相殺とは、双方が互いに同じ種類の債務を負担している場合に、その債務を重なる部分で消滅させることをいいます。簡単に言うと、A会社がB会社に対して持っている売掛金債権(自働債権といいます)1000万円と、B会社に対する借入金債務(受働債権といいます)500万円を対当額で消滅させる意思表示をすると、500万円の売掛金債権だけ残るということです。

 相殺は、簡単な決済手段として知られていますが、A会社としては1000万円の売掛金債権のうち500万円は優先的に回収することができたということになり、このような優先的な債権回収手段(担保としての機能)としての意味も持っています。

 相殺ができるためには、①共に債権を有すること、②債権が同種の目的を有すること、③自働債権が弁済期にあること(法律上は両方の債権が弁済期にあることが必要ですが受働債権の期限の利益は放棄すればよいので自働債権だけで足ります)、④性質上相殺が許される者であること、が必要であります。
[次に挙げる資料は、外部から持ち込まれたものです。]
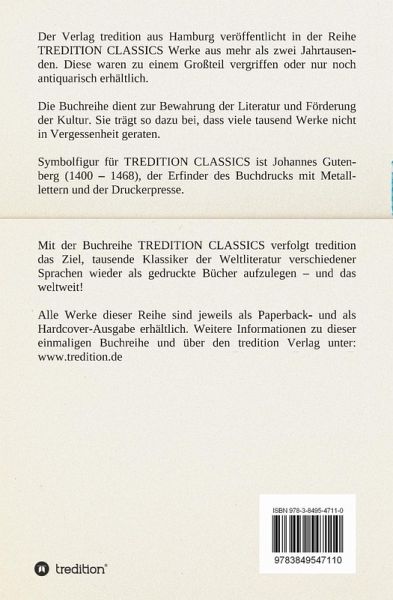 Dieses Werk ist Teil der Buchreihe TREDITION CLASSICS. Der Verlag tredition aus Hamburg veröffentlicht in der Buchreihe TREDITION CLASSICS Werke aus mehr als zwei Jahrtausenden. Diese waren zu einem Großteil vergriffen oder nur noch antiquarisch erhältlich. Mit der Buchreihe TREDITION CLASSICS verfolgt tredition das Ziel, tausende Klassiker der Weltliteratur verschiedener Sprachen wieder als gedruckte Bücher zu verlegen und das weltweit! Die Buchreihe dient zur Bewahrung der Literatur und Förderung der Kultur. Sie trägt so dazu bei, dass viele tausend Werke nicht in Vergessenheit geraten.
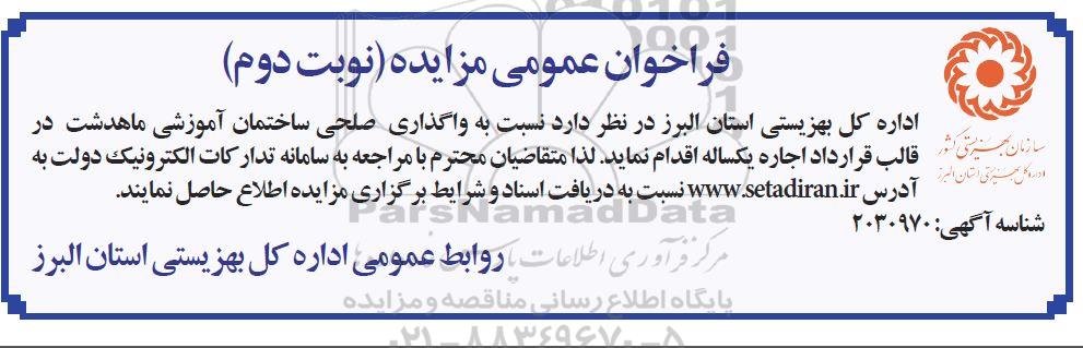 اداره کل بهزیستی استان البرز در نظر دارد نسبت به واگذاری صلحی ساختمان آموزشی ماهدشت در قالب قرارداد اجاره یکساله اقدام نماید . لذا متقاضیان محترم با مراجعه به سامانه تدارکات الکترونیک دولت به آدرس ستاد ایران نسبت به دریافت اسناد و شرایط برگزاری مزایده اطلاع حاصل نمایند.
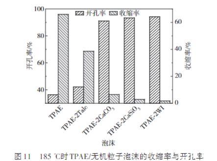 图11 185℃时TPAE/无机粒子泡沫的收缩率与开孔率
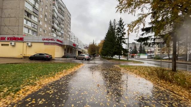 Уфа, 4К, ул. Ферина, прогулка под дождем, осень 2023

ただし、これら4つの要件を満たしても、①当事者が反対の合意をした場合、②性質上相殺できない(受働債権とできない)場合、③自働債権に抗弁権がついている場合、には相殺をすることができません。

 ただし、相殺の方法や要件、効果について当事者間で特別の合意をすることは妨げられません。また、相殺の予約として、一定の事由が発生した場合に意思表示を待たずに当然に相殺の効果が発生する旨を定めたり、手形を不渡りにした場合には自働債権について債務者は期限の利益を喪失して受働債権については期限の利益を放棄して当然に相殺適状が発生する旨を合意したりすることもできます。

 このようなものの発展型として三角相殺があります。これは平成7年の最高裁(最判平成7年7月18日判時1570号60頁)で問題となった事案でありますが、甲(丙の子会社)が乙に対して給油代金債権(A債権)を持っており、乙は丙に対して請負代金債権(B債権)を持っており、甲乙間でA債権とB債権の相殺予約の合意をしてありました。しかし、乙に対して租税債権を有していた国がB債権を差し押さえました。甲は相殺予約に従いA債権とB債権との相殺を主張して国の差押えに対抗しました。このような三角相殺の予約の有効性が問題になったのであります。
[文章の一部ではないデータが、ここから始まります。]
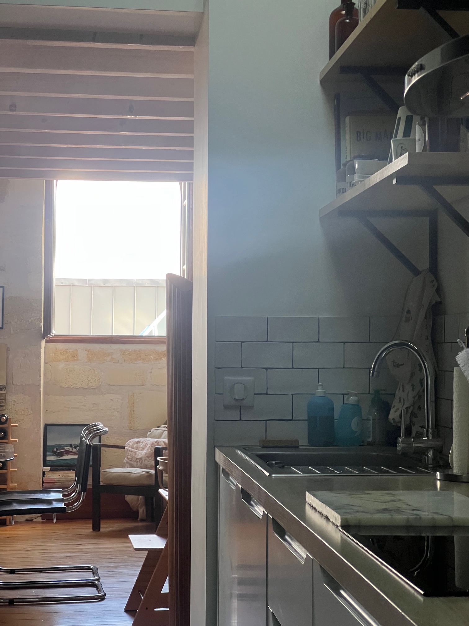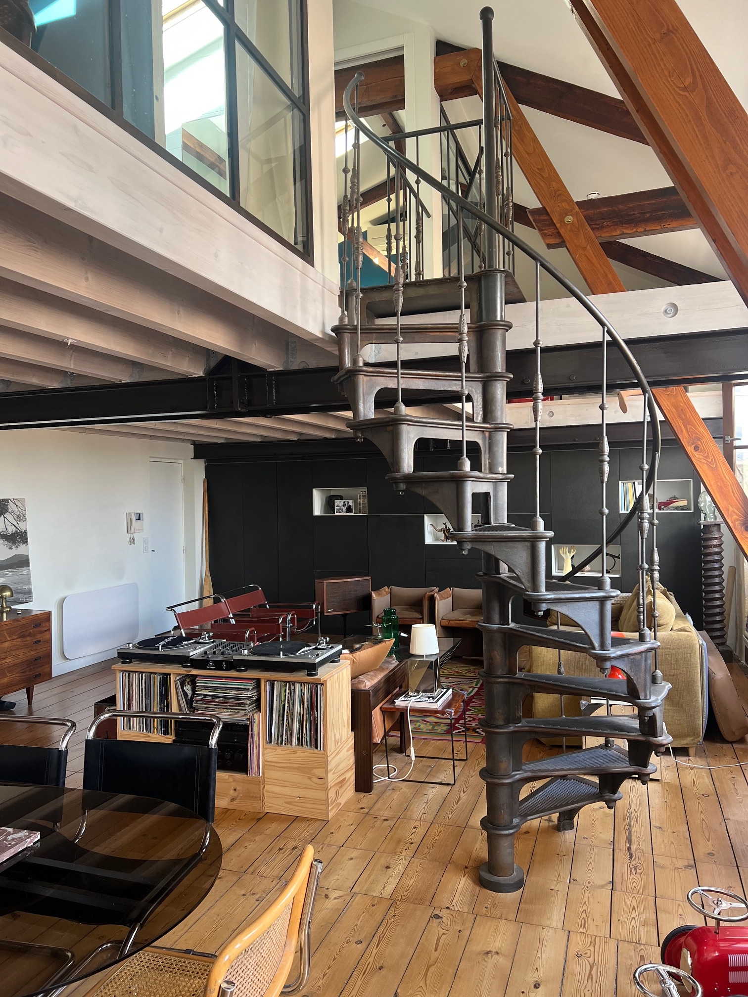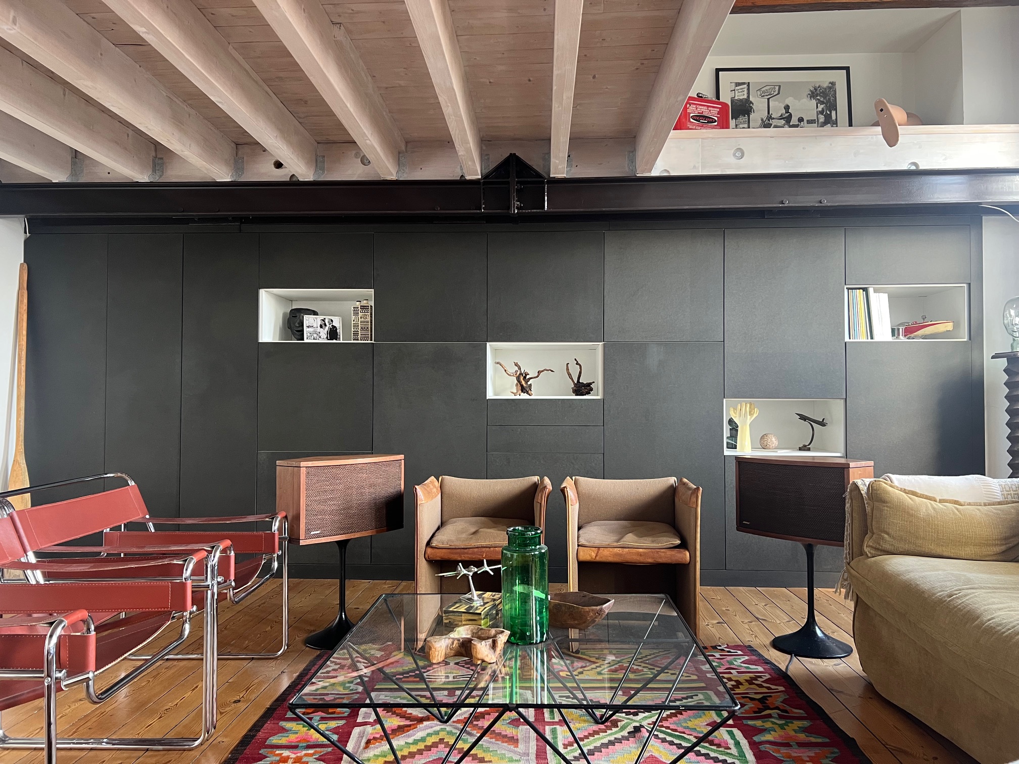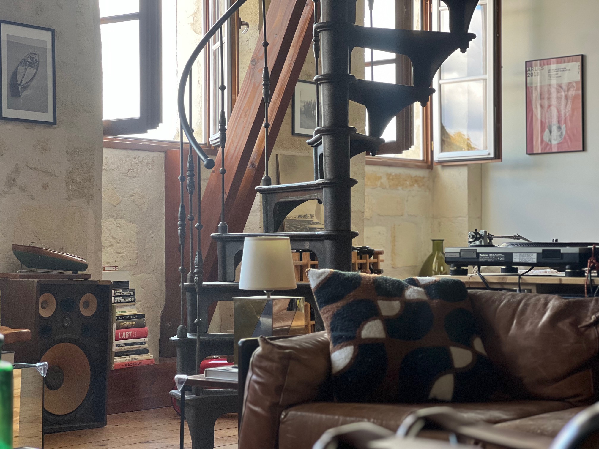 Nichée au 3éme et dernier étage d’un élégant immeuble en pierre, la vaste pièce de vie est baignée de lumière grâce à ses quatre grandes fenêtres et offre un cadre chaleureux et convivial.
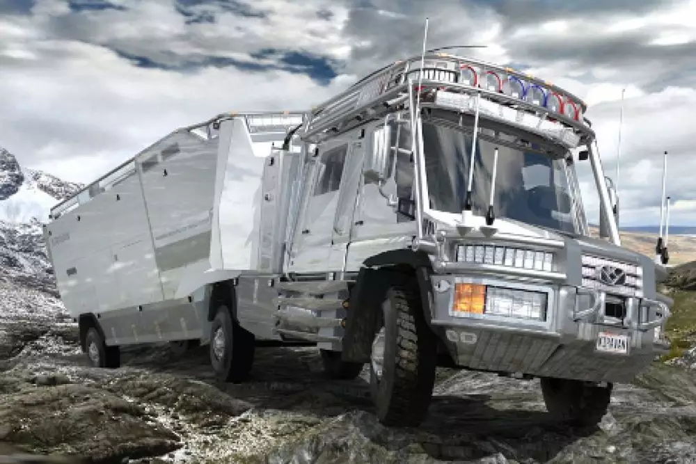 Помимо этого, в доме на колесах для разведки местности есть радиоуправляемые летательные аппараты с камерами и мотоцикл с турбодизельным двигателем. В кузове авто разместились полноценная кухня, спальня для семьи из трех человек и хранилище для провизии на две-три недели. При необходимости совершения более долгих поездок вездеход можно оборудовать дополнительными секциями для хранения продуктов.

 最高裁は、このような相殺予約の趣旨が明確でないこと、実質的に相殺の意思表示のときに債権譲渡がなされたのと変わらないことを理由に甲は国に対抗できないと判断しました。

 三角相殺は、このように最高裁で認められてはいませんが、そのもの自体を否定されたものではないと思われます。債権譲渡と性質が似ていると判断していること、本件は甲乙間のみの合意であったことからすると、甲乙丙の三社間で合意をする、ないし甲乙間で合意した上で確定日付ある証書で乙が丙に通知するなどの方法を取っていれば、国に対抗する余地があったのではないかと思われます。ですから、この最高裁判例をもって三角相殺を否定したものであると考えるのは早急に過ぎるでしょう。ただし、認められていないという事案があることは確かですから、国税債権の差押えを受ける前に、きちんと債権譲渡をして確定日付を取って対抗できるようにしておくのが安全かもしれませんね。

 相殺というのは使い勝手がいいものですが、相殺契約を多用すると認められない形態になってしまうこともありますので、十分に注意して利用するのが良いでしょう。